Eyibi/Eluku festival
- Language: Yoruba

Origin
- Meaning: Local Wrestling
- Region of origin: Yoruba Region, Nigeria

= Eluku =

Festival in Nigeria by the Yorubas

Eyibi/Eluku Festival is an event celebrated by towns and settlements in Ikorodu area of Lagos state and some other parts of Yoruba land. It is an annual traditional festival that is of patriarchal nature, as it is only celebrated by male descendants who are paternal natives to the town.

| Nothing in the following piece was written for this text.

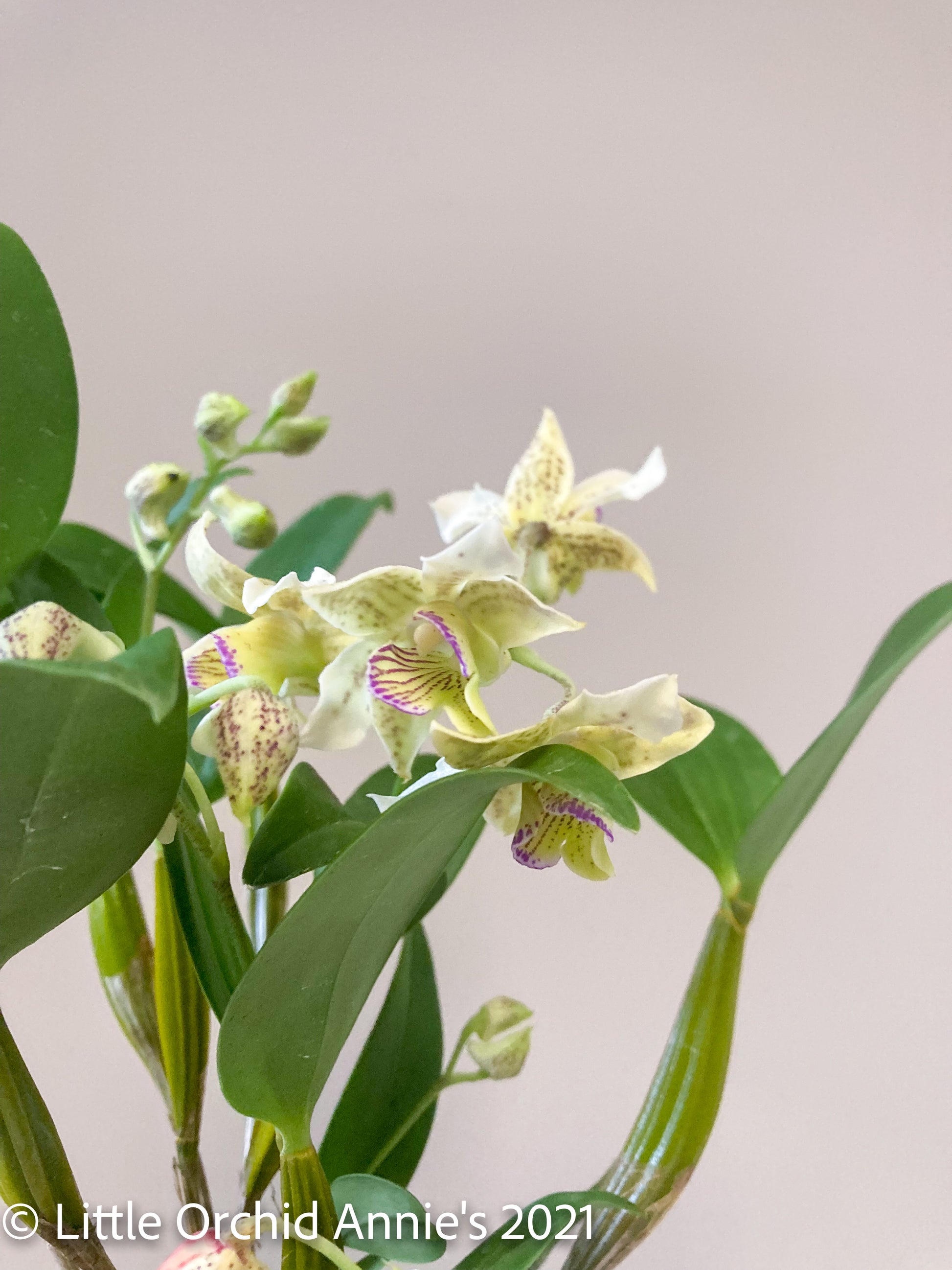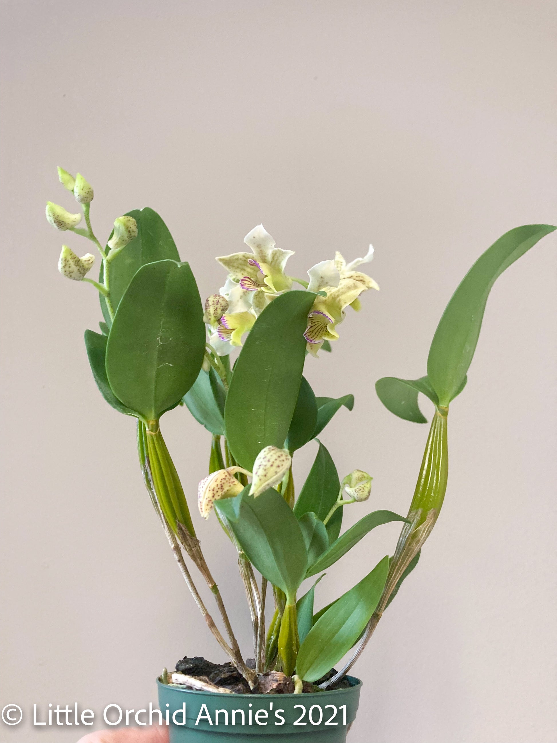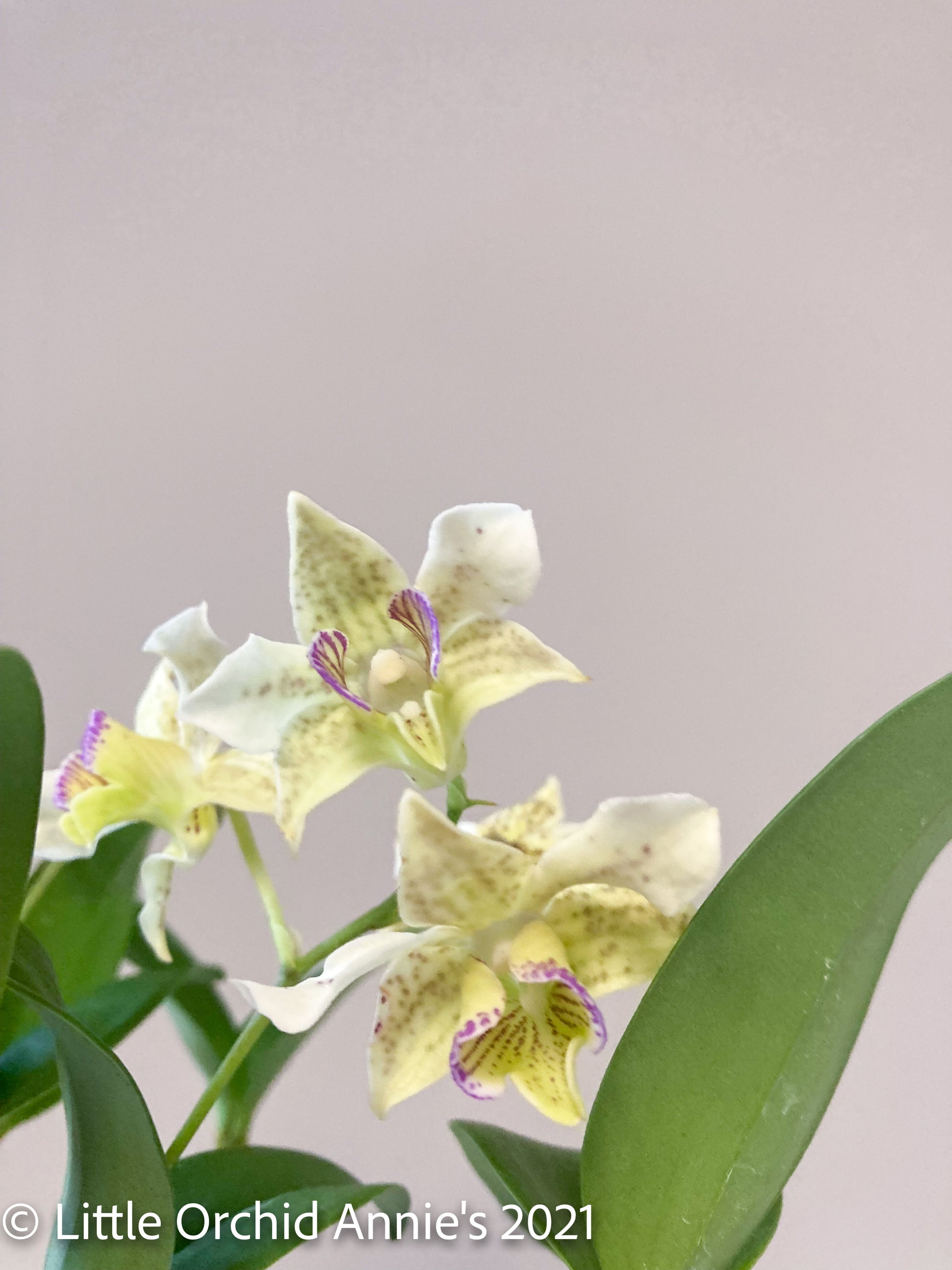 Latouria-type Dendrobiums are vigorous growers and easy bloomers provided they are given enough light. As a general rule, dendrobiums generally enjoy warmer, wetter Spring-Fall and cooler, drier Winters. This hybrid is an attractive, miniature Den that will not reach the typical large size of similar species. Smells like cinnamon or Snickerdoodles. No winter dry period required but cutting back on watering and fertilizing is recommended.

It is also to be noted that it is for males who are specifically natives of Ikorodu.

The Eluku festival is a version of the general Yoruba Oro festival.

During the festival, females and non-natives stay indoors usually for 24 hours, but the economic growth of the town has restricted the time to around 12 hours and also to some selected locations in the township;around the palace and the shrine.

Traditionally the festival is known as Eyibi Festival which is peaked by the outing of the deity called ELUKU. The activities and restrictions that goes with the outing of the Eluku has overshadowed the Eyibi festival; non natives and foreigners have indirectly changed the name of the festival to Eluku Festival.

Eluku is believed to be the executioner of judgement on those found guilty breaking the laws and ignoring customs of the Town.

Eyibi/Eluku festival is 1 of the 4 major festivals in Ikorodu. It is sacred to the Natives.